In a retrospective study including nine patients with abdominal pregnancy in which MRI images were reviewed by two radiologists who were blinded to the clinical and operative findings, MRI accurately located the placenta in all nine patients [17].

MRI may also be used for patients undergoing expectant management (to evaluate fetal growth, amniotic fluid levels, placental invasion) and for preoperative planning. The latter is particularly important as severe hemorrhage is likely if there is an attempt to remove the placenta during surgery [17]. (See '>20 weeks and choosing expectant management' below and 'Managing the placenta' below.)

Laboratory findings — Abnormal laboratory findings are typically absent. In patients in whom prenatal screening for aneuploidy or fetal anomalies was performed, the following may be abnormal; however, these are nonspecific and cannot be used to make a diagnosis of abdominal pregnancy:

Increased maternal serum alpha-fetoprotein (AFP) and/or increased human chorionic gonadotropin (hCG) – Direct abdominal implantation of the placenta may enhance fetal-maternal transfer of AFP and hCG [2,18].

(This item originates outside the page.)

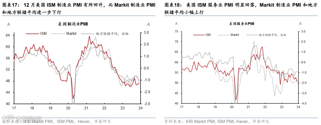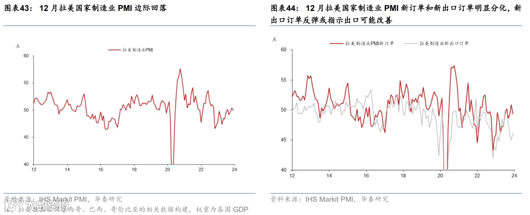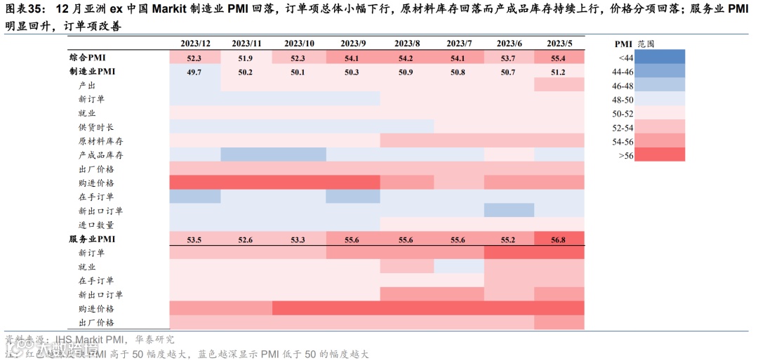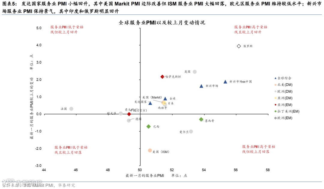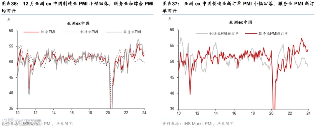 12月全球服务业PMI回升1.0pp至51.6,连续两个月回升,或受暖冬提振。发达国家中,美国上升0.6pp至51.4(但ISM大幅下行2.1pp至50.6),欧、日分别上行0.1pp、0.7pp至48.8、51.5,英国上升2.5pp至53.4;新兴市场ex中国回升1.9pp至55.3,绝对水平显著超过发达经济体(50.6),俄罗斯(+2.1pp)、印度(+4pp)改善幅度较大。

Decreased maternal serum unconjugated estriol (uE3) – Smaller placental size and altered vascularity may disrupt placental sulphatase activity, resulting in decreased estriol production and decreased levels of maternal serum uE3 [18].

These markers are discussed in detail separately. (See "Neural tube defects: Overview of prenatal screening, evaluation, and pregnancy management", section on 'Alpha-fetoprotein' and "Maternal serum marker screening for Down syndrome: Levels and laboratory issues", section on 'Types and timing of serum marker screening tests'.)

DIAGNOSIS — The diagnosis of abdominal pregnancy is made by visualization (with fetal imaging [ie, transvaginal ultrasound, MRI] or intraoperatively during surgical exploration) of an extrauterine pregnancy and an intact uterus (ie, no evidence of uterine rupture).

The majority of patients will be diagnosed at the time of surgery [1]. In the review of 163 cases described above (see 'Natural history' above), preoperative diagnosis was made in only 45 percent of cases [8].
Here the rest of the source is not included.